##### STORED DATA

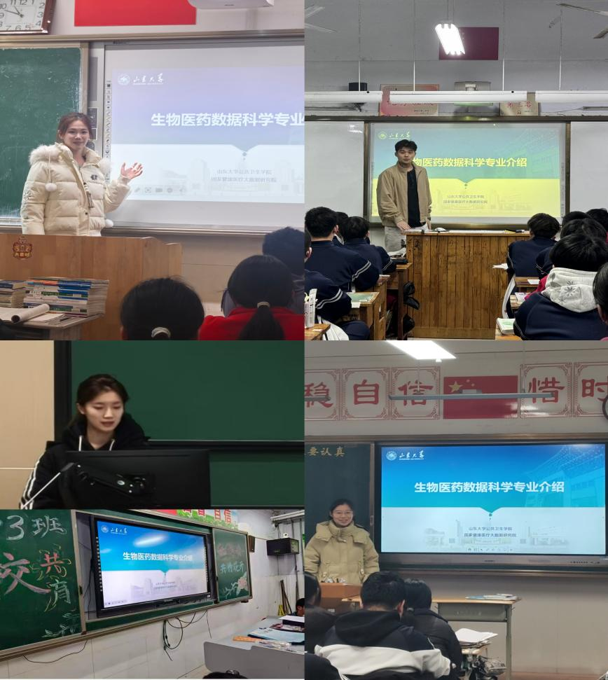 2026年寒假期间,山东大学公共卫生学院积极落实学校招生拓展工作要求,组织生物医药数据科学专业2024级本科生冯若函、李佩瑶、沙世航、孙加月、孙景洲、孙颀宸、王思予、杨雯蓓八位优秀学子,分赴各自高中母校开展招生宣讲活动。
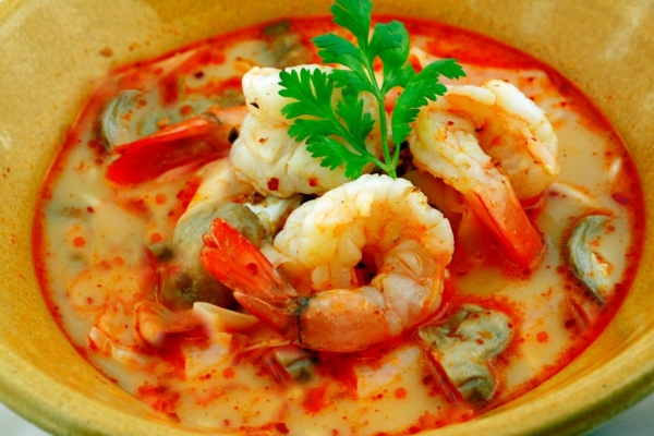 ต้มยำกุ้งที่ร้าน Silom Village ค่ะ ร้านเหมาะสำหรับพาครอบครัว หรือแขกชาวต่างชาติมาทานค่ะ
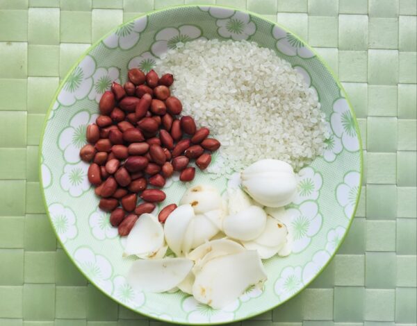 ~ 小貼士:圖中的是紅衣花生,紅色的衣更能改善凝血因子的缺陷。此粥對肺脾兩虛的肺氣腫人士亦具療效。但血液稠度高的長者最好吃花生時去衣才食。
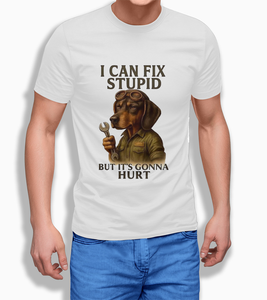 I Can Fix Stupid Dachshund Mechanic Humor It's Gonna Hurt T-Shirt
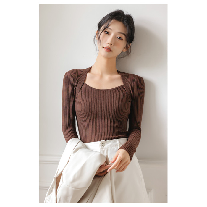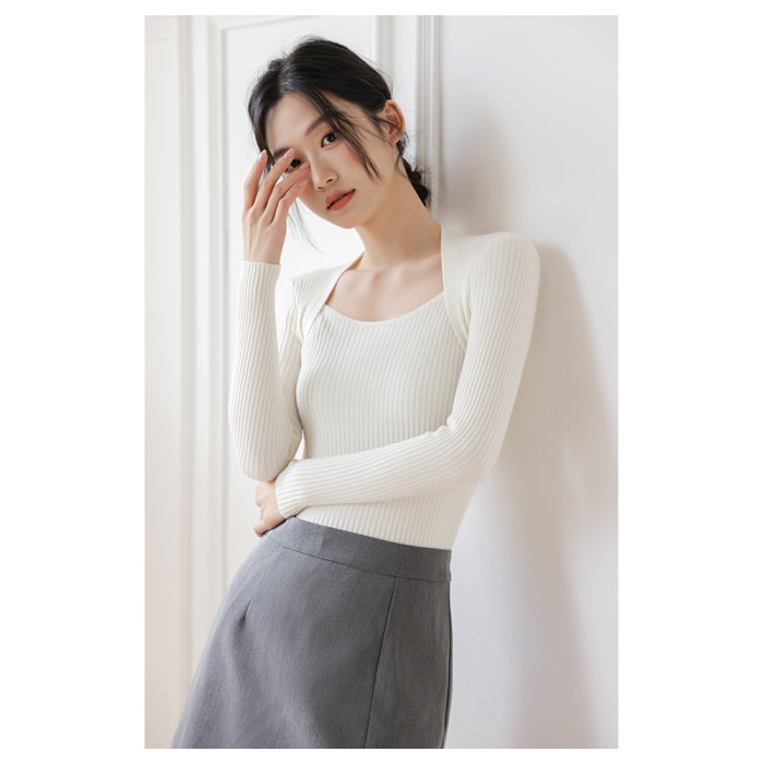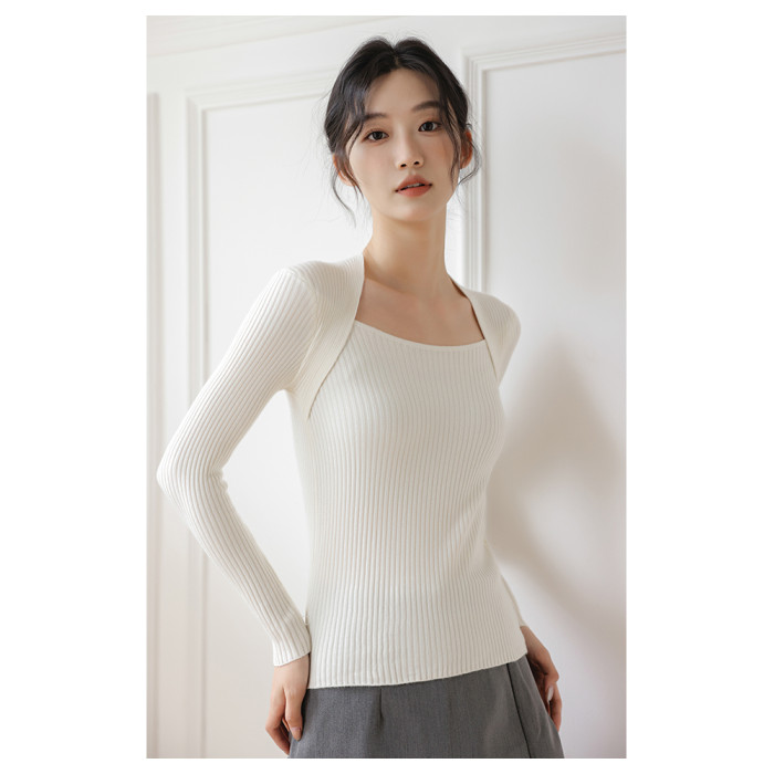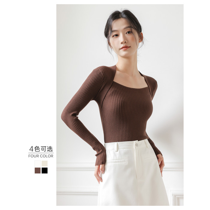 2025別致針織打底衫秋冬女裝U領性感洋氣百搭純色針織衫毛衣上衣

##########

**WORK ORDER**:
All of the data above should be quoted exactly, except for the pictures.

**TASK RESPONSE**:
 2026年寒假期间,山东大学公共卫生学院积极落实学校招生拓展工作要求,组织生物医药数据科学专业2024级本科生冯若函、李佩瑶、沙世航、孙加月、孙景洲、孙颀宸、王思予、杨雯蓓八位优秀学子,分赴各自高中母校开展招生宣讲活动。
 ต้มยำกุ้งที่ร้าน Silom Village ค่ะ ร้านเหมาะสำหรับพาครอบครัว หรือแขกชาวต่างชาติมาทานค่ะ
 ~ 小貼士:圖中的是紅衣花生,紅色的衣更能改善凝血因子的缺陷。此粥對肺脾兩虛的肺氣腫人士亦具療效。但血液稠度高的長者最好吃花生時去衣才食。
 I Can Fix Stupid Dachshund Mechanic Humor It's Gonna Hurt T-Shirt
 2025別致針織打底衫秋冬女裝U領性感洋氣百搭純色針織衫毛衣上衣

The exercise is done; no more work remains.